The filenames that are read from the FILE are all relative to the source dir -- any leading slashes are removed and no ".." references are allowed to go higher than the source dir. For example, take this command:
rsync -a --files-from=/tmp/foo /usr remote:/backup
If /tmp/foo contains the string "bin" (or even "/bin"), the /usr/bin directory will be created as /backup/bin on the remote host. If it contains "bin/" (note the trailing slash), the immediate contents of the directory would also be sent (without needing to be explicitly mentioned in the file -- this began in version 2.6.4). In both
cases, if the -r option was enabled, that dir’s entire hierarchy would also be transferred (keep in mind that -r needs to be specified explicitly with --files-from, since it is not implied by -a). Also note that the effect of the (enabled by default) --relative option is to duplicate only the path info that is read from the file -- it
does not force the duplication of the source-spec path (/usr in this case).

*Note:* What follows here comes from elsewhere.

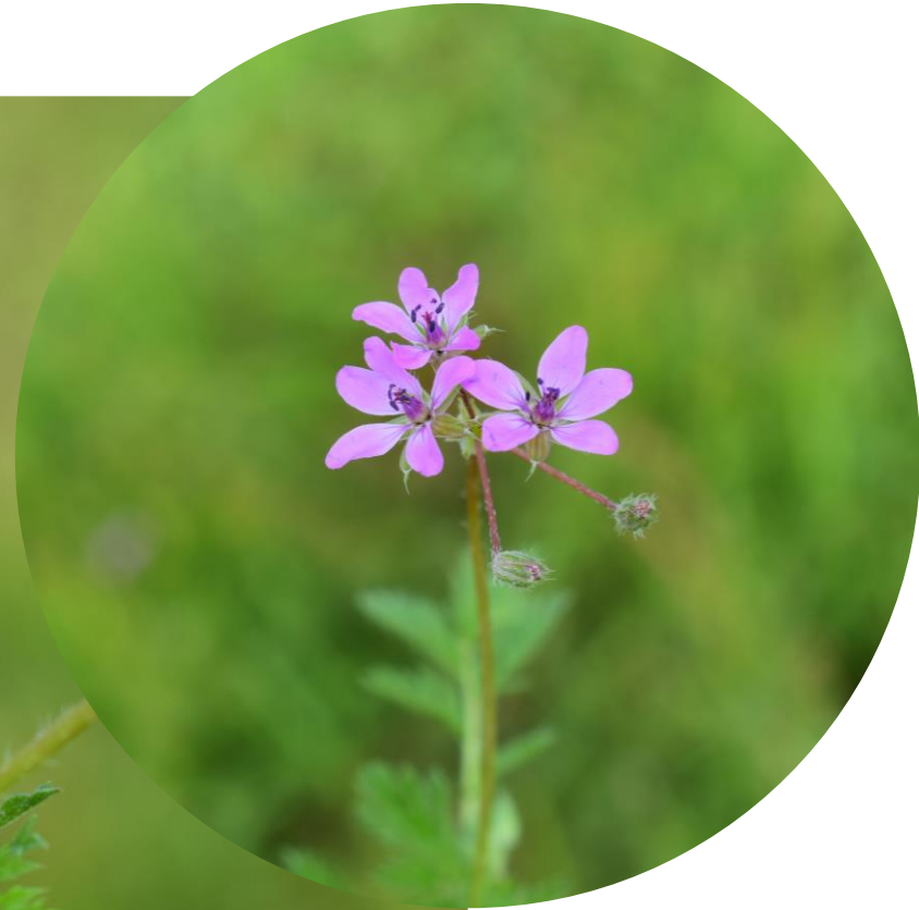
Erodium cicutarium (L.) L'Hérit. Alfilerillo Ciclo anual

In addition, the --files-from file can be read from the remote host instead of the local host if you specify a "host:" in front of the file (the host must match one end of the transfer). As a short-cut, you can specify just a prefix of ":" to mean "use the remote end of the transfer". For example:
rsync -a --files-from=:/path/file-list src:/ /tmp/copy
This would copy all the files specified in the /path/file-list file that was located on the remote "src" host.
If the --iconv and --protect-args options are specified and the --files-from filenames are being sent from one host to another, the filenames will be translated from the sending host’s charset to the receiving host’s charset.

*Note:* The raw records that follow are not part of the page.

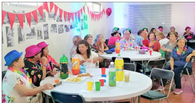
Los adultos mayores gozan con las actividades para ellos, razón por la que se implementarán talleres de verano por primera vez.

abordarán los talleres y el número de asistentes totales que esperan. «Entre comillas son talleres un poco expres, porque la idea es que puedan llevarse a cabo durante los meses de enero y febrero. Tenemos ‘Folclor’, ‘Baile’, ‘Repostería de Verano’, ‘Deportes’, ‘Prácticas Teatrales’, ‘Envejecimiento Activo y Sexualidad en Adultos Mayores’, que es algo nuevo y súper importante de poder relevar. También está ‘Vellón Agujado’ y ‘Souvenir’, entonces, la idea es que sean talleres que se pueden ejecutar dentro de estos dos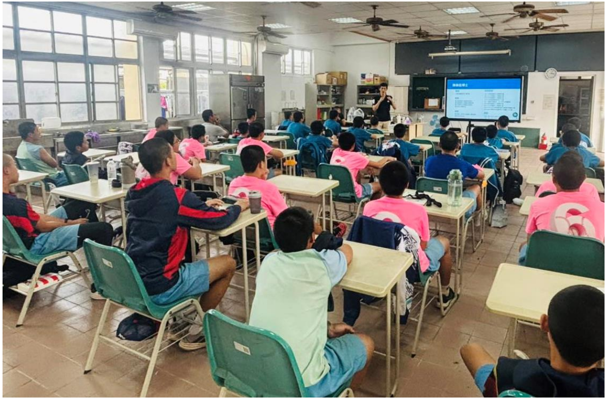
說明：運動正向心理學的認識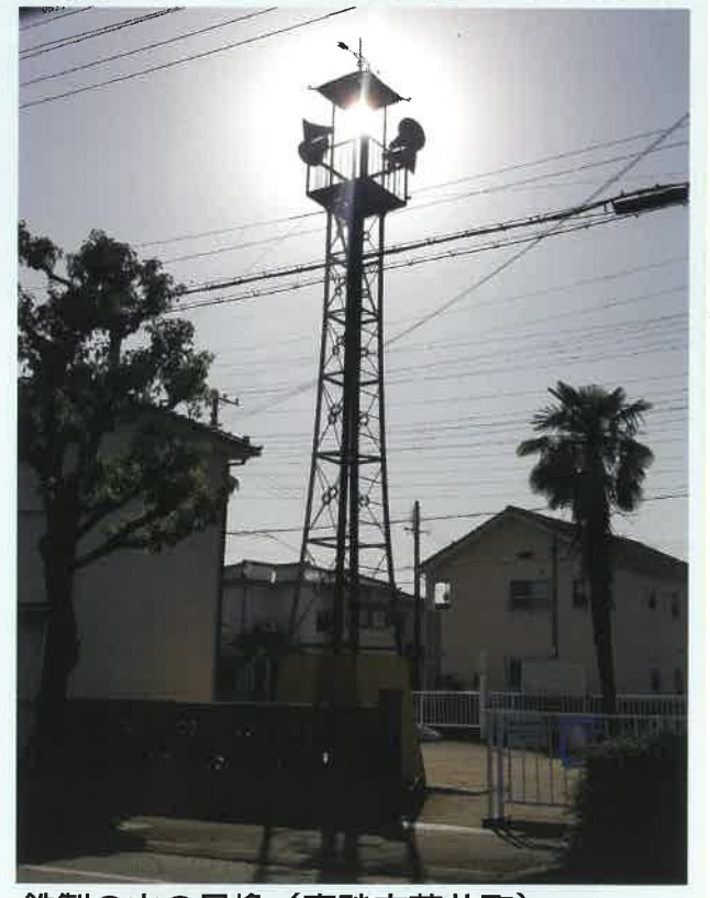
鉄製の火の見櫓 (高砂市荒井町) 火の見櫓をお目にかかれる場所は今では少ない。現在は防災無線スピーカーがついている。

◎前号で募集したあるあるハコを 各ページの柱に載せていきますので、この小さなスペースにもご注目★応募してくださいました方、ありがとうございました！

NOTE: sorting the list of files in the --files-from input helps rsync to be more efficient, as it will avoid re-visiting the path elements that are shared between adjacent entries. If the input is not sorted, some path elements (implied directories) may end up being scanned multiple times, and rsync will eventually unduplicate them after
they get turned into file-list elements.
For the record, none of the answers above helped except for one. To summarize, you can do the backup operation using --files-from= by using either:
rsync -aSvuc `cat rsync-src-files` /mnt/d/rsync_test/
OR
rsync -aSvuc --recursive --files-from=rsync-src-files . /mnt/d/rsync_test/
The former command is self explanatory, beside the content of the file rsync-src-files which I will elaborate down below. Now, if you want to use the latter version, you need to keep in mind the following four remarks:
Notice one needs to specify both --files-from and the source directory
One needs to explicitely specify --recursive.

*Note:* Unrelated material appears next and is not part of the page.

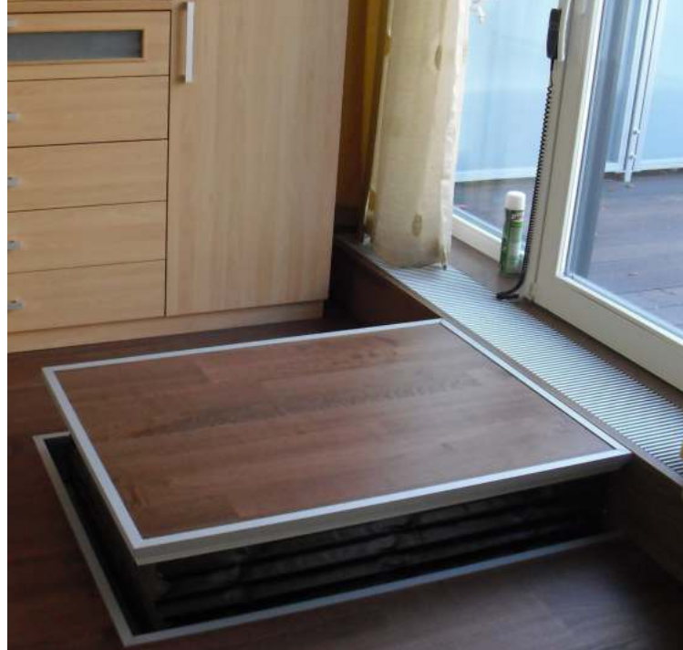
Plataforma en un foso como opción.

The file rsync-src-files is a user created file and it was placed within the src directory for this test
The rsyn-src-files contain the files and folders to copy and they are taken relative to the source directory. IMPORTANT: Make sure there is not trailing spaces or blank lines in the file. In the example below, there are only two lines, not three (Figure it out by chance). Content of rsynch-src-files is:
folderName1
folderName2
--files-from= parameter needs trailing slash if you want to keep the absolute path intact. So your command would become something like below:
rsync -av --files-from=/path/to/file / /tmp/
This could be done like there are a large number of files and you want to copy all files to x path. So you would find the files and throw output to a file like below:
find /var/* -name *.log > file
$ date
Wed 24 Apr 2019 09:54:53 AM PDT
$ rsync --version
rsync version 3.1.3 protocol version 31
...
Syntax: rsync <args> <file_and_or_folder_list> <source_dir> <destination_dir/>
Folder names - WITH a trailing /; e.g. Cancer - Evolution/ - are provided in a file (e.g. my_folder_list):
# comment: /mnt/Vancouver/my_folder_list
# comment: 2019-04-24
some_file
another_file
Cancer/
Cancer - Evolution/
Cancer - Genomic Variants/
Cancer - Metastasis (EMT Transition ...)/
Cancer Pathways, Networks/
Catabolism - Autophagy; Phagosomes; Mitophagy/
so those are the "source" (files and/or) folders, to be rsync'd.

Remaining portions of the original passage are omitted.